Bagshawe was born in London, 12 January 1829, the son of Henry Ridgard Bagshawe, a Judge of County Courts in Wales, and a convert to Catholicism. His eldest brother William became King's Counsel and like his father a county court judge.[1] His elder brother John was a chaplain in the Crimea, and later, rector of St. Elizabeth's in Richmond.[2]
Edward took his B.A. at University College School in London and in 1838 entered St. Mary's College, Oscott. Upon graduation, he had planned to work in law, but instead joined the Brompton Oratory in 1849 and was ordained a priest in 1852. He gave lectures on Christian Doctrine at the Training School in Hammersmith. Some forty years later, he refined and published them as Notes on Christian Doctrine.
On 12 November 1874, Bagshawe was consecrated Bishop of Nottingham at the Brompton Oratory by Archbishop Manning.[3] In his first Ad Limina report, Bagshawe stated that in his first six months he had visited twenty of forty-eight missions, six of which did not have their own pastor due to a shortage of priests.[4] On 17 November 1892, he laid the foundation stone for St Hugh's Church, Lincoln.[5]

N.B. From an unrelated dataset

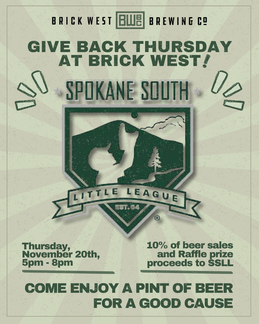 Host Organization: Brick West Brewing Co. Description: Join us on November 20th from 5–8PM as we raise a glass for a great cause! We’re teaming up with Spokane South Little League — a local youth baseball program making the game...

Bagshawe was involved, along with Bishop Vaughn of Salford in the bishops committee that produced the 1886 Manual of Prayers for Congregational Use.[6] In 1900 he translated and issued The Breviary Hymns and Missal Sequences in English Verse.[7] The reviewer in The Month gave it a favourable review, while noting that it was a more literal translation than John Henry Newman's more poetic one.[8] He published a number of hymn books,[9] and was a contributor to the Catholic Encyclopedia.[10]

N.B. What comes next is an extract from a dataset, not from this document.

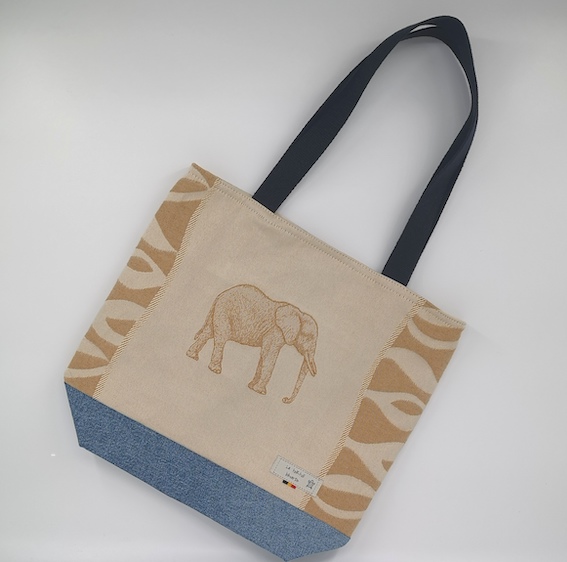 Cabas, tote bags, sacoches, besaces… il y en a pour tous les goûts dans le petit atelier. Toutes les réalisations sont en tissu recyclé, ce qui ne les empêche pas d’être impeccables.

Between July and early November 1901, three of Bagshawe's brothers died. He resigned in 1901 due to his own failing health. He then served as chaplain to the Sisters of the Little Company of Mary, residing in Hounslow.
He was appointed titular bishop of Hypaepa in 1902, and titular archbishop of Seleucia in 1904. He was styled Bishop Emeritus of Nottingham, and officiated at the Chrism Mass on Holy Thursday at Westminster Cathedral in 1904, when Archbishop Bourne fell ill of a serious cold on Palm Sunday.[11]